Facing the likelihood of withering air attacks and the other casualties of war, the government decided to print posters designed to both calm and motivate the populace.
Those posters consisted of an image of a crown and five simple words.
The current UK government has adopted a similar approach to developing its strategy and infrastructure for 5G and national security. After careful consideration and years of collaboration, scrutiny, and rigorous testing, the UK government decided to allow technologies from Huawei into its emerging 5G infrastructure. It did so despite direct threats from the U.S. government and others, and an attempted rebellion by opposing members of Parliament.
And by doing so, the UK has become a textbook example for the rest of the world to emulate when it comes to 5G and national security. As the South China Morning Post reported on March 2, “the UK decision could serve as a model for other European governments, including Germany, as they prepare to make similar decisions over their 5G mobile infrastructure.”
Basically, the UK government made a calm, clear-headed analysis of its current infrastructure, its plans for 5G, its security priorities, and Huawei’s solutions and track record. The UK’s Government Communications Headquarters (GCHQ), its premier intelligence and security organization, has worked with Huawei for years. The UK’s decision to allow Huawei into its networks was based on that work, the strengths of Huawei’s technologies, and confidence in its own risk assessment and mitigation abilities.

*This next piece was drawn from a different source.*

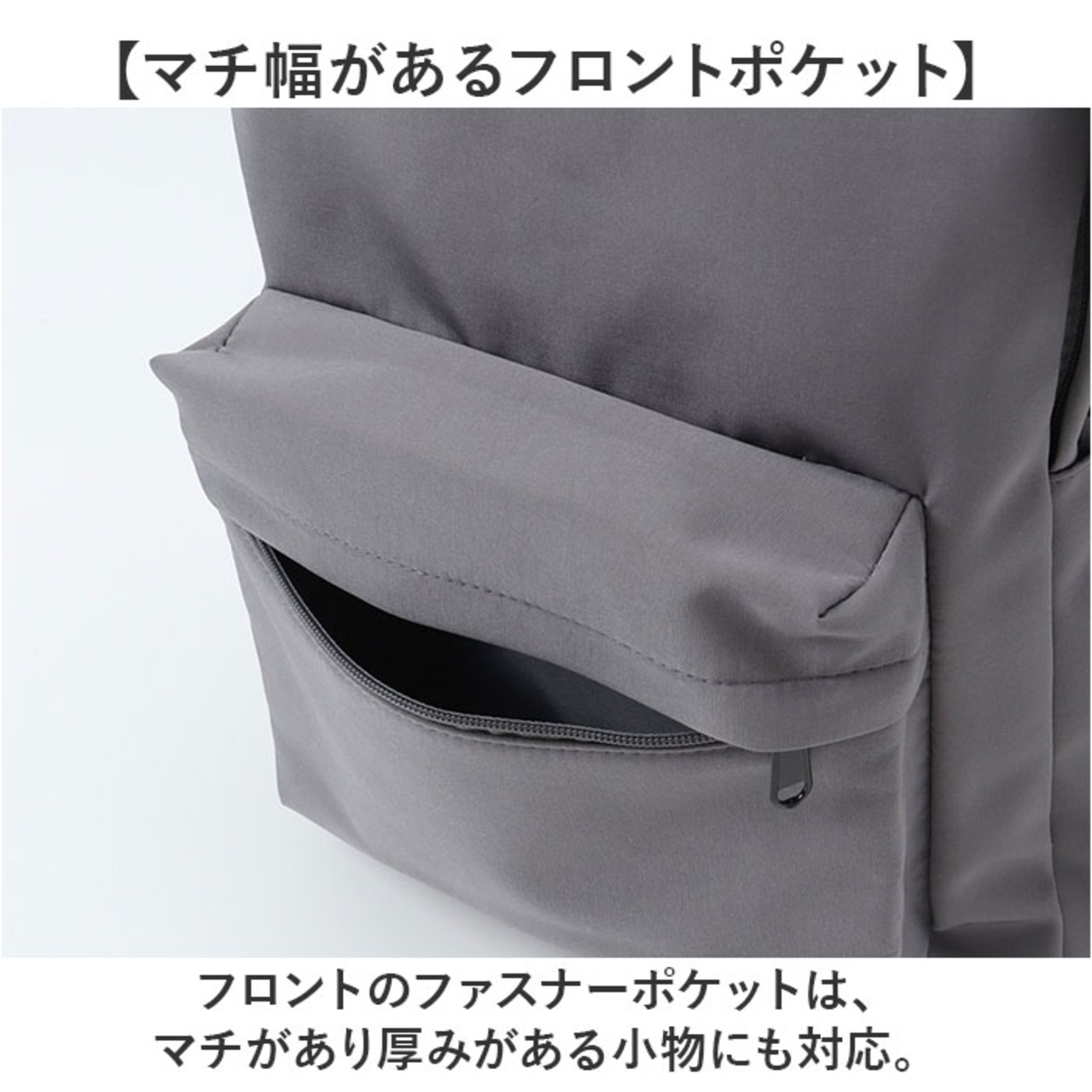 ・フロントのファスナーポケットは、マチがあり厚みがある小物にも対応。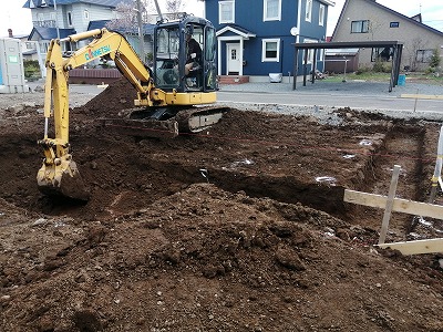 本日は土地の堀削を行い、明日からは砂利入れが行われ、

The UK government did impose significant limitations on Huawei’s participation in UK 5G networks. As The Guardian reported, the UK government designated Huawei a “high-risk” vendor and capped Huawei’s network presence to 35 percent of equipment and data traffic. In addition, Huawei is banned outright from core network elements, locations “where data is processed, and from locations such as nuclear sites and military bases.”
These limitations may have mollified the U.S. administration somewhat, but they will impose significant costs on carriers in the UK. In that same Guardian report, BT chief executive Philip Johnson “hinted” replacement of Huawei technologies could cost 500 million pounds or more over the next five years.
Huawei believes that multiple vendors help us all to build more robust and secure network infrastructures. Arbitrary caps aimed at specific vendors seem likely to be less helpful. But if that is the price Huawei must pay for the opportunity to help the UK or any other country build its future network infrastructure, so be it.
The positive prospects of a securely connected, digitally inclusive world are more than worth it.